Rosethorn sighed. “Yanna willing, this is the worst of it.”

“If it doesn’t break out of the Mire, we’ll avoid a deal of heartache. The guards have orders to stop any Mire dwellers from entering the city.” Henna looked at Briar. “Now, my lad, get rid of that long face and dish up the broth for you two.” She pointed to a large, wax-sealed crock.

He did as he was told. Sipping his—no matter how hard he worked, he remembered to eat—he watched as Rosethorn drank her broth. When she finished, he followed her to her cot. “Thank the gods for Honored Moonstream,” Rosethorn commented softly as she slid under her blanket. “She’s no coin-pincher, unlike the people who run this place. With Henna in here we’ll get the supplies we need from Winding Circle.”

What we needed most was help, Briar thought, watching as Rosethorn went right to sleep. And we got it.

He went to bed. Lying down was one thing, he found; sleeping was something else. Had he given Flick willowbark tea that morning? In the last three days Rosethorn had taught him a slavish love for willowbark. It was the only thing that lowered the fever, which fretted her more than the spots and the sores that developed when the spots cracked open. The tea also soothed her other worry, that Flick was drying out, though Rosethorn used a different word: dehydration.

Perhaps he should check the slate at the foot of Flick’s cot. He would have marked it if he’d given his friend willowbark tea that morning.

Henna sat on Orji’s cot, holding the sick man’s wrists. Running from her fingers was a tracery of silver—magic. Briar closed his eyes for a moment, then looked again. The tracery was clearer, threading from dedicate to man like rootlets. Fascinated, Briar walked over to watch.

The magic streamed along Orji’s arms and into his body, as if Henna ran it through his veins. For a long, long moment Henna’s power bathed Orji from top to toe. At last it retreated, trickling out of his body the way it had come in. Once Henna got her magic back, she released the dozing man and folded her hands in her lap, head bowed.

Briar was about to creep away when she spoke. “You are supposed to be sleeping.” Her voice had the trained quiet of someone who spends her time with the sick: Briar heard clearly, but neither Orji nor Flick in the next bed stirred.

“I couldn’t. What magic was that, what you did?”

Henna swiveled to look up at him. “You know I was doing magic?”

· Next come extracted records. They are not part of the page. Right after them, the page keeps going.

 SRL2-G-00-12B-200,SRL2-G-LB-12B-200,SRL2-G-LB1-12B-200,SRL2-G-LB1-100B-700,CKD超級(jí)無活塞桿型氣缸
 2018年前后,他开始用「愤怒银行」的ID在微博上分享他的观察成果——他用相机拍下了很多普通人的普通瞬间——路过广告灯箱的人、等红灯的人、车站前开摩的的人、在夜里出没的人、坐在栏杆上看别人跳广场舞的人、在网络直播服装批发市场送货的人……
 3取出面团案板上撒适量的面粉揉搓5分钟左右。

“It’s a thing I picked up from Tris,” he replied. Not long after Sandry had spun their magics together, Niko had written a spell on Tris’s spectacles, helping her to see magic as he did. The skill then spread to Daja, Sandry, and Briar through their bond with Tris, just as Tris learned a little of their magics. “I see power when it’s moving or working,” Briar explained to Henna, “but I don’t know what it’s doing.”

Henna moved over to Flick’s cot, sat, and took Flick’s hands. The street girl stirred, opening heavy-lidded eyes. “I just want to see how you are,” Henna reassured her.

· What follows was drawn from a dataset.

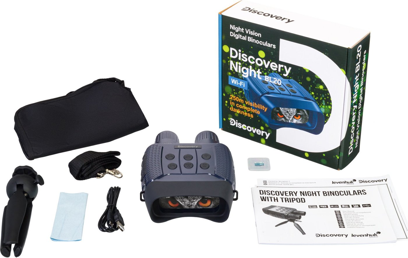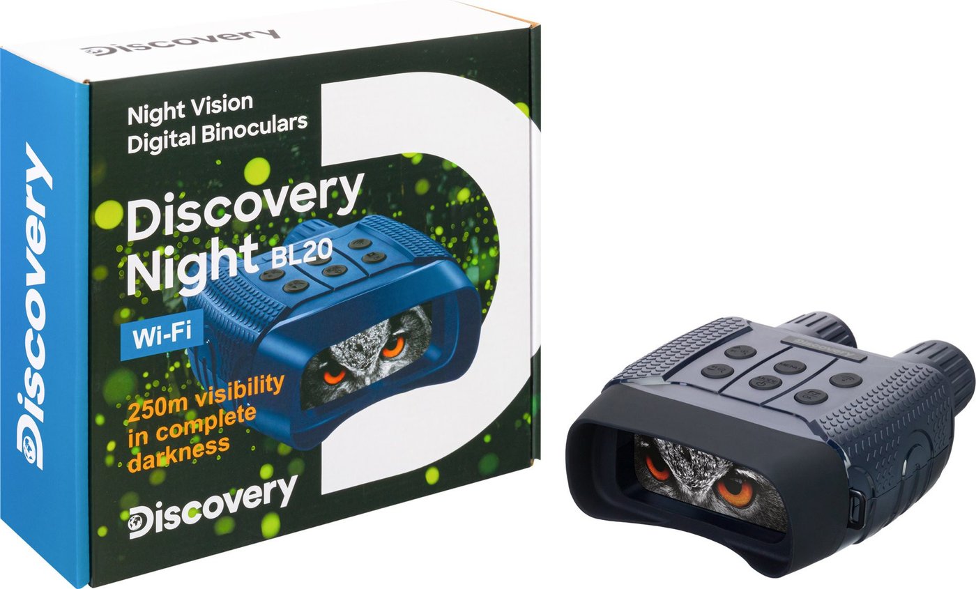 | Информация | - Discovery Channel – это знаменитый научно-популярный телеканал, который погружает зрителей в мир науки, технологий и приключений. Уникальные истории разных жанров открывают новые горизонты, позволяя взглянуть на людей, места и события, формирующие нашу реальность. Discovery вдохновляет миллионы, предлагая возможность узнать что-то новое и удовлетворить жажду познания. - Представляем серию оптики Discovery, созданную в сотрудничестве с Levenhuk. - Levenhuk Discovery Night BL20 – это бинокль ночного видения с цифровым преобразователем, который подходит как для ночных, так и для дневных наблюдений. Он не боится яркого света и отлично работает при любых условиях освещения. Днем вы получите цветное изображение, а ночью – черно-белое. Встроенный рекордер позволяет записывать фото и видео, а модуль Wi-Fi дает возможность управлять устройством с помощью смартфона или планшета. Этот прибор идеально подходит для ночной охоты, разведки и охраны территорий. - В полной темноте дальность обнаружения достигает 250 метров. Стеклянная оптика с покрытием на основе диоксида кремния обеспечивает четкие и детализированные изображения без искажений. Доступно цифровое увеличение, а в полной темноте прибор позволяет видеть на расстоянии до 250 метров. В дневное время можно фокусироваться на объектах, находящихся на расстоянии от 3 метров и более. Встроенная ИК-подсветка с 7 уровнями яркости помогает различать мелкие детали, не расходуя заряд батареи слишком быстро. - Встроенный рекордер позволяет делать фото и записывать видео, фиксируя самые интересные моменты наблюдений. Разрешение для фото составляет 2048x1536 пикселей, для видео – 1280x960 пикселей с частотой 30 кадров в секунду. Изображения получаются четкими, а видео – плавными. Запись ведется на карту памяти, а отснятый материал можно просмотреть на экране прибора или перенести на компьютер через USB. - Прибор спроектирован для удобства полевых наблюдений. Эргономичный корпус защищен от влаги, а кнопки расположены так, что их легко найти даже в темноте. Питание осуществляется от стандартных батареек, что упрощает замену в длительных походах. На одном заряде прибор работает от 4 до 10 часов, в зависимости от использования подсветки. В комплект входит небольшой штатив, который позволяет установить бинокль на землю или на ствол дерева для стабильного изображения. - Модуль Wi-Fi позволяет управлять прибором с помощью смартфона или планшета на iOS или Android. Связь возможна на расстоянии до 15 метров, требуется установка мобильного приложения, доступного в App Store и Google Play. Удаленно можно регулировать настройки, просматривать фото и видео, а также управлять файлами. - Обратите внимание: ИК-подсветка может быть заметна для фото- и видеокамер. - Основные особенности: • Цифровой преобразователь – не боится яркого света • Цветное изображение днем, черно-белое ночью • Цифровое увеличение и оптика с просветлением • Невидимая ИК-подсветка с 7 уровнями яркости • Рекордер для высококачественной записи фото и видео • Питание от стандартных батареек, до 10 часов работы на одном заряде • Эргономичный корпус с влагозащитой класса IP54 • Модуль Wi-Fi для удаленного управления через мобильное приложение - Комплектация: • Прибор ночного видения • Кабель miniUSB 2.0 • Карта памяти microSD 32 ГБ • Ремешок • Чехол • Настольный штатив • Инструкция по эксплуат

Flick glanced up at Briar, who nodded. “I’m fine,” she whispered, licking dry lips.

Briar fetched a cup of water and held Flick up so she could drink. When she turned her face away, he lowered her to the pillow again. As Flick’s eyes closed, Henna closed her own.

“It’s a thing healers learn to do,” she murmured. Around her hands sprouted a web of light-strands that sank into Flick’s dark-spotted arms and raced through her body. “Before we start work, we must first know what is wrong. It may be that the treatment we put to a fever will hurt the patient’s diseased kidneys, or the foxglove we give to strengthen a heartbeat may cause a weakened heart to fail.”

“Then you can see what the blue pox is,” Briar said eagerly.

Henna shook her head. “If it were a disease I had fought before, perhaps I could sense it, but only then. This isn’t even related to the diseases I know. But I can see the flow of her blood, the strength of her heart and kidneys and bowels. I can feel her muscles, brain, and bones. I can see weak blood, if she has it, or fluid in the lungs. Bad eating habits, certainly.” Henna wrinkled her nose. “And worms, and flukes.”